I disagree with Matthew that simple priests should not start seminaries. We need priests, therefore, seminaries are necessary. "Simple" priests have been starting seminaries and congregations from time immemorial. In fact, it's probably better if our seminaries are run by priests because then the bishops can devote themselves completely to the duties that are of an Episcopal nature. Irrational complaints made against father Pfeiffer like this make us lose credibility.
Regarding the other point, I totally think that father has episcopal ambitions. I know a few people whom he has approached and asked.
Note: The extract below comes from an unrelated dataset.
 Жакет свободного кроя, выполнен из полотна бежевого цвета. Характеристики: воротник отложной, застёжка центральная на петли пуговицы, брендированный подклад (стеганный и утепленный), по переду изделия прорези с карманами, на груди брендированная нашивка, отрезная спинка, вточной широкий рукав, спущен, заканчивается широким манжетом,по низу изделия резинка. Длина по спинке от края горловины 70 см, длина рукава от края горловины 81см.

It's also obvious from his empire-building activities. Running the seminary, saying mass at over 30 locations, attempting to open a convent, flying around the world every few months to "shore up" the other priests.
Do you know the definition of a priest? Besides the other definitions (Alter Christus, etc.) a priest is fundamentally a HELPER TO A BISHOP. The Bishop wears the ring, he is married to a diocese. But the diocese is too large for him to say Mass everywhere for his whole flock, so he has authority over a number of priests who help him in his work of spiritually ministering to the Catholics in that diocese.
If a priest starts ANYTHING, it should be OUT OF OBEDIENCE, not out of a self-appointed position or crusade he picked out for himself. He should be working for someone, following someone's orders.
Priests are only leaders of the laymen beneath them. They are not even part of the Ecclesia Docens
(Church teaching). There is a reason the book of the Gospels is not placed on priests' heads during Ordination -- that only happens for a bishop during his Consecration. A Bishop has a special obligation to teach and preserve Tradition and the Faith.
Even today, among trads, why wouldn't the Trad priests (in the Resistance for example) let the Bishop(s) lead? Would the world REALLY be a worse place today if Fr. Pfeiffer had just followed +Williamson's direction and stuck with the "loose association of priests" structure? Do we have any more priests because of that seminary, or do we actually have less?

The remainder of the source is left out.